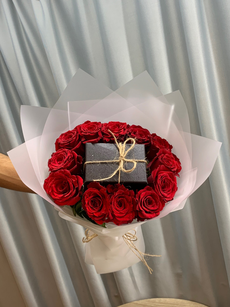 ⭐️بوكيه ساعة⭐️ساعة (رجالي/نسائي) ضمان سنةبوكيه ورد طبيعي احمرعبارة من اختيارك⭐️سيتم التواصل معك من اجل اختيار الساعة⭐️
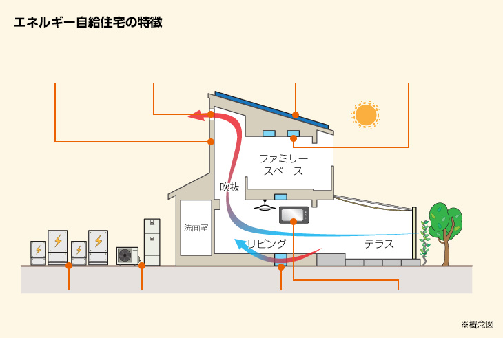 當社が考える「エネルギー自給住宅」は、太陽光発電システムの設置容量を増やして解決するものではなく、消費する電力を極力抑え、無駄のないようにエネルギーをマネジメントした上で、使用する電力を太陽光発電で発電したり蓄電した電力でまかなったりするものです。建設費用についても、全國に普及させることを目的として、開発を進めました。
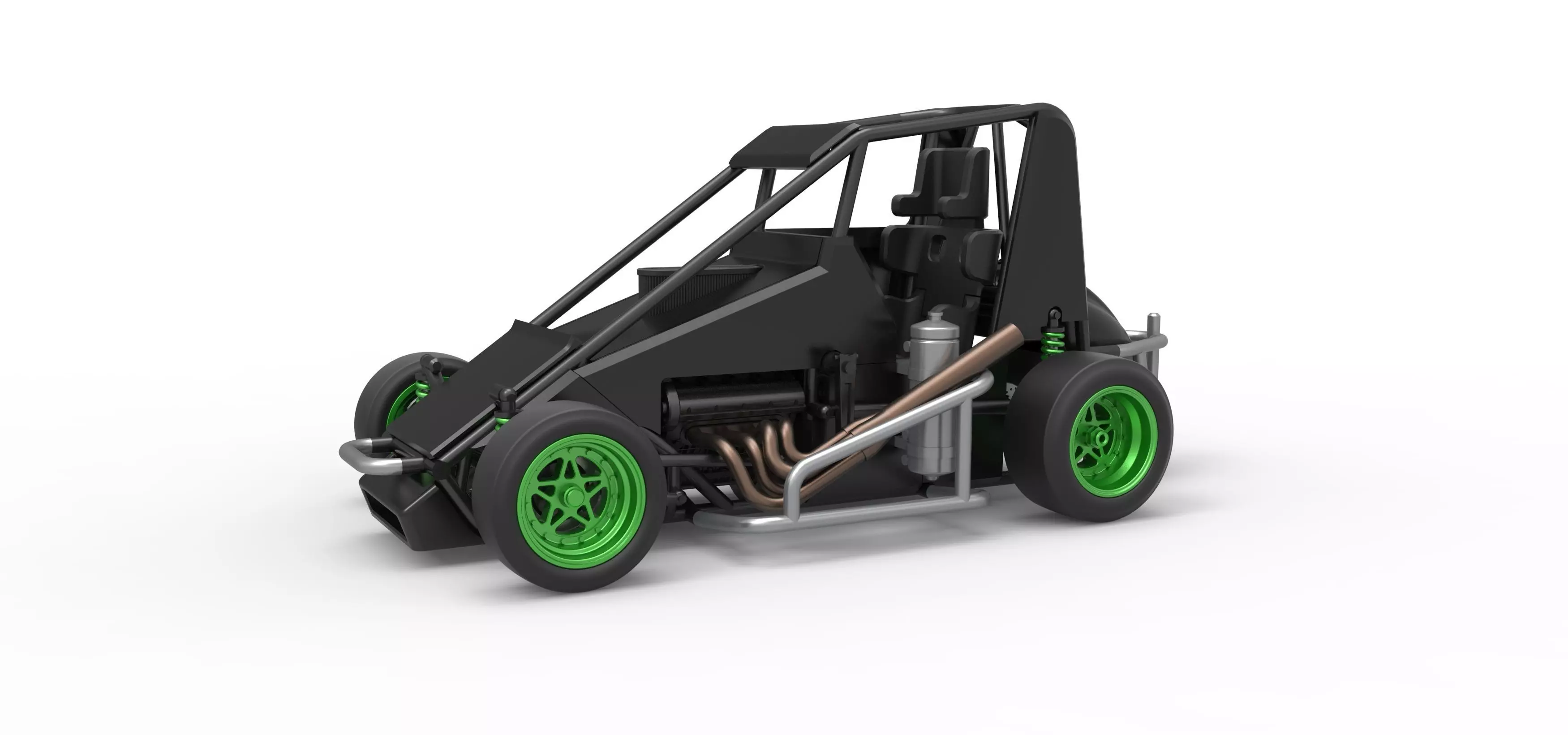 The model consists of parts: Air filter, Air intake, Body, Engine, Exhaust pipes part 1,2, Front rims, Front tires, Fuel tank, Oil tank, Radiator, Rear left rim, Rear left tire, Rear right rim, Rear right tire, Seat part 1,2, Shell central part 1-4, Shell left part 1-5, Shell right part 1-3, Steering wheel.

--------------------

Without copying any picture, write out all of the material exactly as it reads.

 ⭐️بوكيه ساعة⭐️ساعة (رجالي/نسائي) ضمان سنةبوكيه ورد طبيعي احمرعبارة من اختيارك⭐️سيتم التواصل معك من اجل اختيار الساعة⭐️
 當社が考える「エネルギー自給住宅」は、太陽光発電システムの設置容量を増やして解決するものではなく、消費する電力を極力抑え、無駄のないようにエネルギーをマネジメントした上で、使用する電力を太陽光発電で発電したり蓄電した電力でまかなったりするものです。建設費用についても、全國に普及させることを目的として、開発を進めました。
 The model consists of parts: Air filter, Air intake, Body, Engine, Exhaust pipes part 1,2, Front rims, Front tires, Fuel tank, Oil tank, Radiator, Rear left rim, Rear left tire, Rear right rim, Rear right tire, Seat part 1,2, Shell central part 1-4, Shell left part 1-5, Shell right part 1-3, Steering wheel.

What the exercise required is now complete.